### TO DO
No pictures belong in the copy. Set down exactly the lines from the one that contains "Florence, Italy - April" through the end of the data.

### PROVIDED DATA
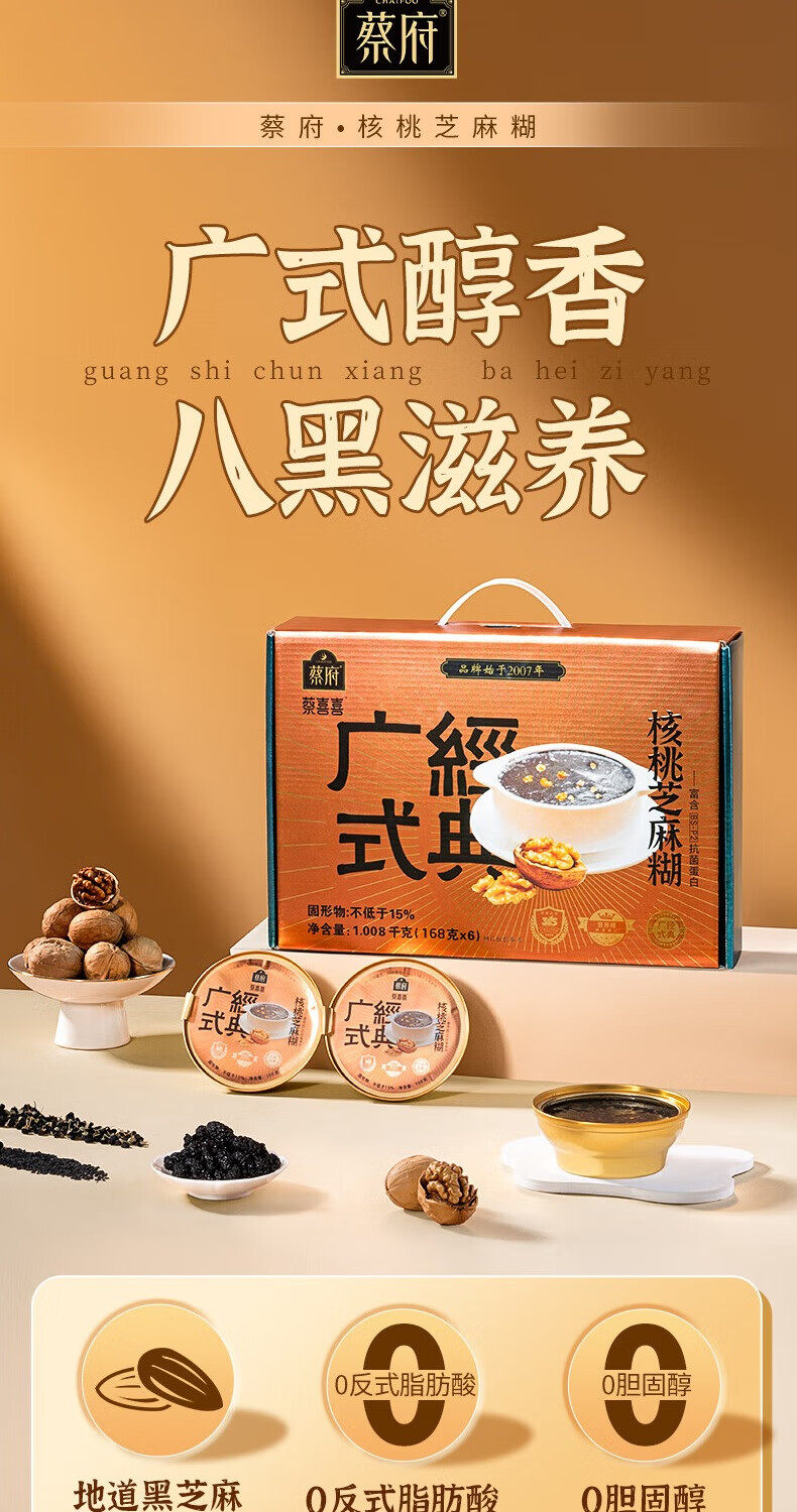 【分仓直发包邮】蔡府核桃黑芝麻糊1.008kg(168g*6)
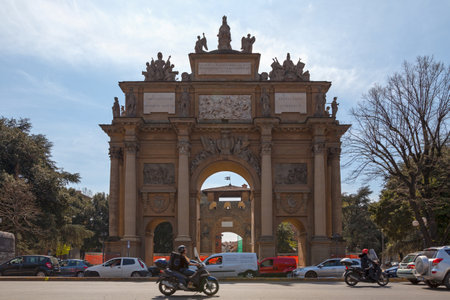 Florence, Italy - April 01 2019: The Triumphal Arch of the Lorraine is an 18th-century, monumental triumphal arch, located in Piazza della Libertà .
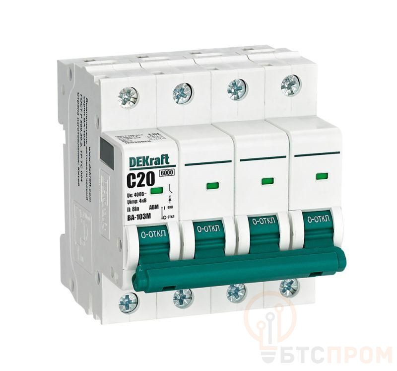 Автоматический выключатель без теплозащиты серии ВА-103M Dekraft; 4P; ном. ток 20 А; ном. раб. напряжение 400 В; кривая отключения C. Автоматические выключатели серии ВА-103М имеют специальное назначение для систем противопожарной защиты и вентиляции и выдерживают ток КЗ до 6000 А. Также они могут использоваться для нечастых оперативных включений и отключений указанных цепей. Автоматические выключатели соответствуют директиве RoHS, имеют расширенный диапазон рабочих температур от -25 до +60 °C, удобны и безопасны в эксплуатации.

### ANSWER
 Florence, Italy - April 01 2019: The Triumphal Arch of the Lorraine is an 18th-century, monumental triumphal arch, located in Piazza della Libertà .
 Автоматический выключатель без теплозащиты серии ВА-103M Dekraft; 4P; ном. ток 20 А; ном. раб. напряжение 400 В; кривая отключения C. Автоматические выключатели серии ВА-103М имеют специальное назначение для систем противопожарной защиты и вентиляции и выдерживают ток КЗ до 6000 А. Также они могут использоваться для нечастых оперативных включений и отключений указанных цепей. Автоматические выключатели соответствуют директиве RoHS, имеют расширенный диапазон рабочих температур от -25 до +60 °C, удобны и безопасны в эксплуатации.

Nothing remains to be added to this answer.